4.13          Integration.  This Agreement and the instruments referenced herein supersede all previous understandings or agreements among the Parties, whether oral or written, with respect to its subject matter hereof.  This Agreement and such instruments contain the entire understanding of the Parties with respect to the subject matter hereof and thereof.  No understanding, representation, promise or agreement, whether oral or written, is intended to be or shall be included in or form part of this Agreement unless it is contained in a written amendment hereto executed by the Parties hereto after the date of this Agreement.
[Remainder of Page Intentionally Left Blank]

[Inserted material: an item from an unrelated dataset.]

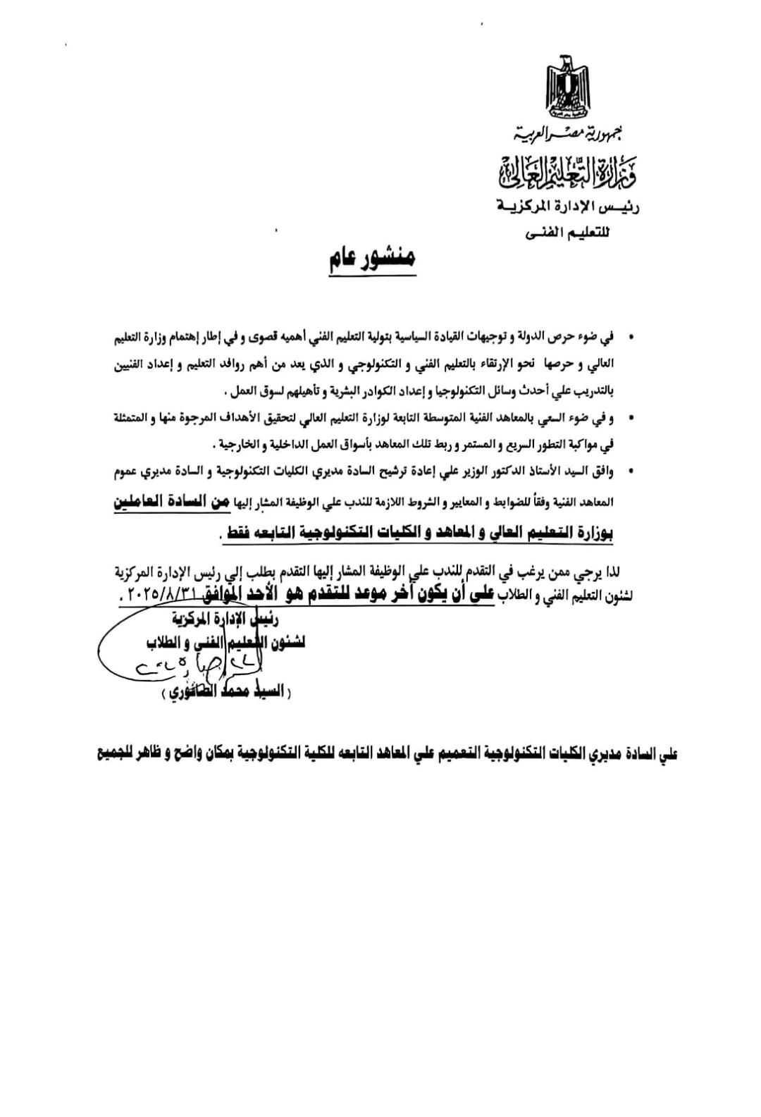 وهناك يكون السؤال : لماذا تم إصدار هذا المنشور الآن لفتح باب التقدم للإنتداب كمديرين لهذه المعاهد والكليات التكنولوجية ـ وخاصة وأن مدة الإنتداب لن تزيد عن شهرين أو ثلاثة من الآن  نظرا لأن إعلان التعيين الدائم على هذه الوظائف سيأتى من الجهاز المركزى للتنظيم والإدارة سيكون بعد شهرين أو ثلاثة على الأكثر  وسيتم التعيين عليها لمن سينطبق عليه الشروط وقتها ؟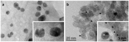 TEM images of freshly synthesized and reconstituted Fe@Au nanoparticles. Compared to the as-synthesized nanoparticles (a), the reconstituted nanoparticles (b) lose their homogeneity and show a more uneven electron density. The composition was analyzed by EDXS as shown in Table 1. The dark clump, marked by the white star, is Au and the major composition of low-electron-density aggregates, marked by black star, is Fe and O (i.e., iron oxide; see Supplementary Materials, Table S1). The black arrows indicate pale ring-like structures. The magnification and the scale of figure (a) is identical to figure (b).

IN WITNESS WHEREOF, this Contribution and Conveyance Agreement has been duly executed by the parties set forth below.
 
DYNAGAS LNG PARTNERS LP
   
   
 
By:
/s/ Michael Gregos
 
Name:
Michael Gregos
 
Title:
Chief Financial Officer
   
 
DYNAGAS OPERATING LP
   
 
By:
/s/ Michael Gregos
 
Name:
Michael Gregos
 
Title:
Chief Financial Officer of Dynagas Operating GP LLC, the general partner of the Dynagas Operating LP
     
     
 
DYNAGAS EQUITY HOLDING LIMITED
   
 
By:
/s/ Konstantinos Lampsias
 
Name:
Konstantinos Lampsias
 
Title:
Attorney-In-Fact
     
     
 
ARCTIC LNG CARRIERS LTD.
   
 
By:
/s/ Konstantinos Lampsias
 
Name:
Konstantinos Lampsias
 
Title:
Attorney-in-fact
     
     
 
QUINTA GROUP CORP.
   
 
By:
/s/ Konstantinos Lampsias
 
Name:
Konstantinos Lampsias
 
Title:
Attorney-in-fact
     
     
 
PELTA HOLDINGS S.A.
   
 
By:
/s/ Konstantinos Lampsias
 
Name:
Konstantinos Lampsias
 
Title:
Attorney-in-fact
     
     



(Signature page to the Contribution and Conveyance Agreement)


Schedule I

Existing Time Charters

·
LNG Carrier Time Charter Agreement dated as of June 19, 2013, by and between Fareastern and Statoil ASA with respect to the Arctic Aurora.
·
LNG Carrier Time Charter Agreement, dated as of April 17, 2014, by and between Seacrown and Gazprom Marketing and Trading Singapore PTE. LTD with respect to the Amur River.
·
LNG Carrier Time Charter Agreement, dated as of October 31, 2016, by and between Pegasus and Gazprom Marketing and Trading Singapore PTE. LTD with respect to the Clean Energy.
·
LNG Carrier Time Charterparty, dated as of August 2, 2011, by and between Solana and Gazprom Global LNG Limited with respect to the Lena River.
·
LNG Carrier Time Charterparty, dated as of January 14, 2016, by and between Solana and Yamal Trade PTE. LTD. with respect to the Lena River.
·
LNG Carrier Time Charterparty, dated as of August 2, 2011, by and between Lance and Gazprom Global LNG Limited with respect to the Ob River.
·
LNG Carrier Time Charterparty, dated as of March 24, 2016, by and between Lance and Gazprom Marketing and Trading Singapore PTE. LTD with respect to the Ob River.
·
LNG Carrier Time Charterparty, dated as of August 2, 2011, by and between Navajo and Gazprom Global LNG Limited with respect to the Yenisei River.
·
LNG Carrier Time Charterparty, dated as of January 14, 2016, by and between Navajo and Yamal Trade PTE. LTD. with respect to the Yenisei River.